• [Description of the task]: Everything in the listing below has to be repeated exactly, except the pictures.

• [Data]:

------------------------

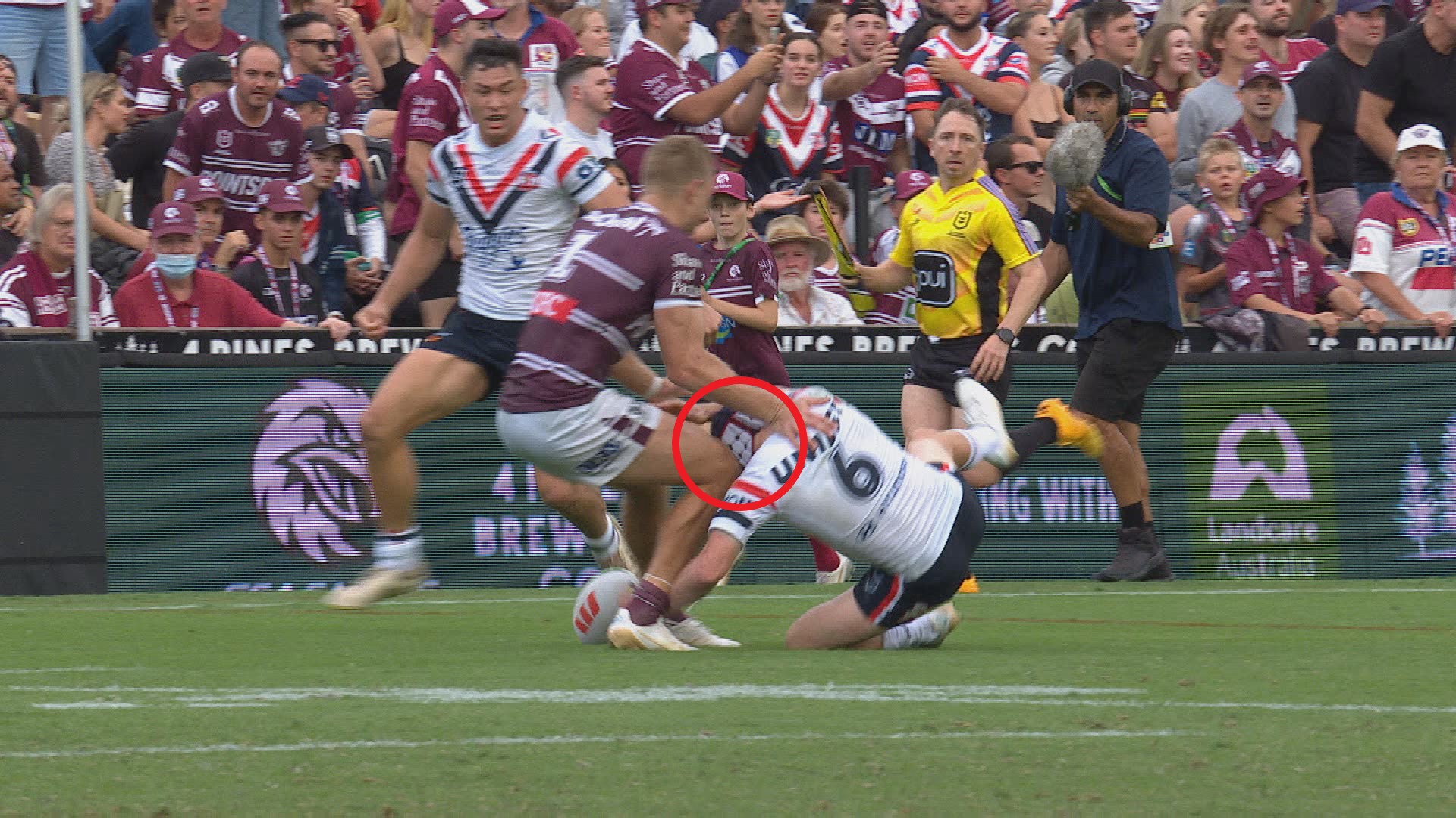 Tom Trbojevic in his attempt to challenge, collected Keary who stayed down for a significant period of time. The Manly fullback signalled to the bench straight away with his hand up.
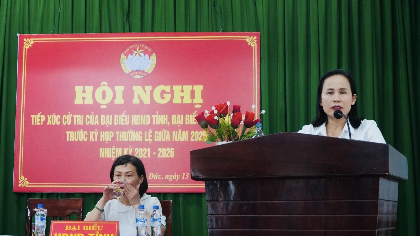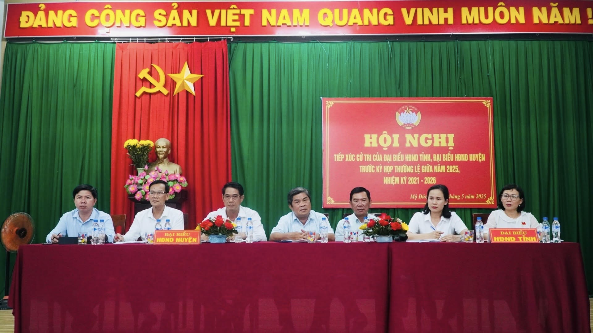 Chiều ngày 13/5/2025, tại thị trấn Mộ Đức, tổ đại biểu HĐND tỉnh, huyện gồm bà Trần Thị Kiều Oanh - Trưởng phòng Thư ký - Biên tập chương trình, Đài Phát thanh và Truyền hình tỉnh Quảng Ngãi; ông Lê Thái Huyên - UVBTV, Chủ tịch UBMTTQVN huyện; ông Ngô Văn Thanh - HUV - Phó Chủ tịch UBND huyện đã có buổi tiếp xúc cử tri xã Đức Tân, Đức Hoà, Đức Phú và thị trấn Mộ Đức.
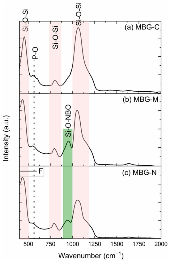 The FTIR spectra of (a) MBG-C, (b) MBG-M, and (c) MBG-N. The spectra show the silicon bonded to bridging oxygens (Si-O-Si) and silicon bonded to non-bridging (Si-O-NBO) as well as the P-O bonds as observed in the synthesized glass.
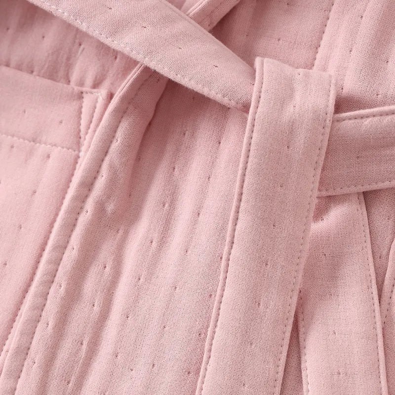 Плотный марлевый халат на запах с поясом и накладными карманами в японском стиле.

------------------------

• [Answer box]:
 Tom Trbojevic in his attempt to challenge, collected Keary who stayed down for a significant period of time. The Manly fullback signalled to the bench straight away with his hand up.
 Chiều ngày 13/5/2025, tại thị trấn Mộ Đức, tổ đại biểu HĐND tỉnh, huyện gồm bà Trần Thị Kiều Oanh - Trưởng phòng Thư ký - Biên tập chương trình, Đài Phát thanh và Truyền hình tỉnh Quảng Ngãi; ông Lê Thái Huyên - UVBTV, Chủ tịch UBMTTQVN huyện; ông Ngô Văn Thanh - HUV - Phó Chủ tịch UBND huyện đã có buổi tiếp xúc cử tri xã Đức Tân, Đức Hoà, Đức Phú và thị trấn Mộ Đức.
 The FTIR spectra of (a) MBG-C, (b) MBG-M, and (c) MBG-N. The spectra show the silicon bonded to bridging oxygens (Si-O-Si) and silicon bonded to non-bridging (Si-O-NBO) as well as the P-O bonds as observed in the synthesized glass.
 Плотный марлевый халат на запах с поясом и накладными карманами в японском стиле.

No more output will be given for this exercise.